Jérôme Jouannic : Extrêmement riche, ouvert et généreux. Au même titre que le reste de la population, les musiciens sur place sont très souvent de très bons musiciens, très ouverts aux autres styles de musique, toujours prêts à découvrir de nouvelles choses. Et surtout très généreux et fiers de transmettre leurs connaissances.
Ouaga est une ville vraiment très riche et variée musicalement. Toutes les esthétiques y sont représentées (et bien !).
Vous avez travaillé comme batteur avec de grands artistes africains comme Manu Dibango, Alpha Blondy, Tiken Jah Fakoly. Quels souvenirs en gardez-vous ?
Jérôme Jouannic : Alors, je n'ai fait que les premières parties de Tiken et Alpha mais c'était déjà génial. Quant à Manu Dibango, j'ai eu la chance d'avoir joué une fois avec lui. Un grand Monsieur, rassurant, généreux, de grands conseils et excellent musicien bien sûr ! Un pilier de la musique africaine. On l'appelait le baobab, ça n'est pas pour rien.
Comment comptez-vous célébrer la sortie de ce premier album solo ?
Jérôme Jouannic : Avec un concert de sortie d'album complètement dingue ! L'ensemble des musiciens présents sur l'album seront là ! Et, cerise sur le gâteau, mon idole de la kora (que j'ai invité sur un titre de l'album) sera peut-être présent à ce concert ! Son nom sera dévoilé très bientôt. Nous prévoyons de faire une captation live de ce concert pour éventuellement sortir un clip live !!! Ensuite, une tournée au Burkina Faso est en cours de préparation.
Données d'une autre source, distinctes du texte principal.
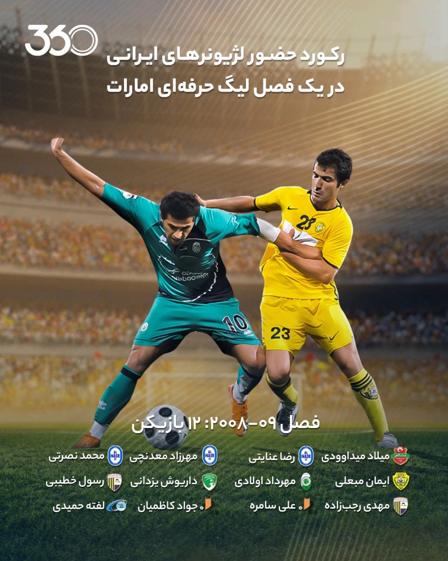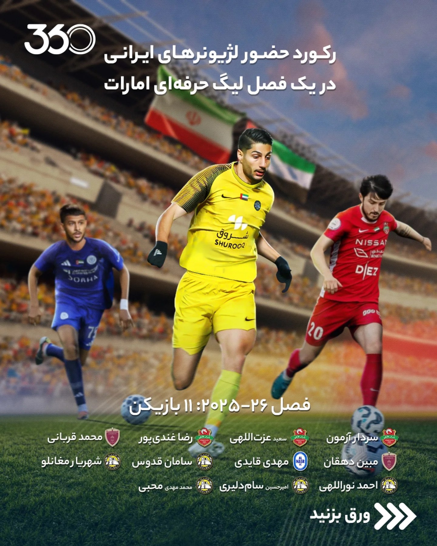 ستارههای ایرانی در فصل منتهی به جام جهانی 2026 در شرایطی در فوتبال باشگاهی امارات جولان میدهند که هنوز رکورد تاریخی بیشترین حضور لژیونرهای ایرانی در یک فصل ادنوکلیگ نشکسته است. در فصل 09-2008، 12 بازیکن ایرانی در این رقابتها حضور داشتند که آن 12 بازیکن، میلاد میداوودی، رضا عنایتی، مهرزاد معدنچی، محمد نصرتی، ایمان مبعلی، مهرداد اولادی، داریوش یزدانی، رسول خطیبی، مهدی رجبزاده، علی سامره، جواد کاظمیان و لفته حمیدی بودند.

Je dois aller présenter cet album aux burkinabés !
Remerciements chaleureux à Jérôme Jouannic
ZOOM
Une atmosphère de travail exceptionnelle
Dans quelle atmosphère de travail avez-vous réalisé cet album ?
Jérôme Jouannic : Je dirais, à vu d'oeil : au moins 50 kilos de viande, une centaine de litres de bière, une cinquantaine de litres de vin (et je ne compte pas le rhum !) et tous ça en deux sessions de 2 semaines et le tout à raison de 2 à 3 heures de sommeil par nuit maximum !
Et oui, un petit détail, nous avons tout enregistré chez moi à domicile (Studio Badala), nous pouvions donc travailler la nuit, ce qui est un grand avantage !
L'ensemble des musiciens présents dans mon album sont soit frères, soit cousins ou amis d'enfance ! Je vous laisse donc imaginer l'ambiance dans laquelle nous avons travaillé ! Familiale, joviale, folle même ! Mais toujours très sérieux lorsqu'il fallait enregistrer.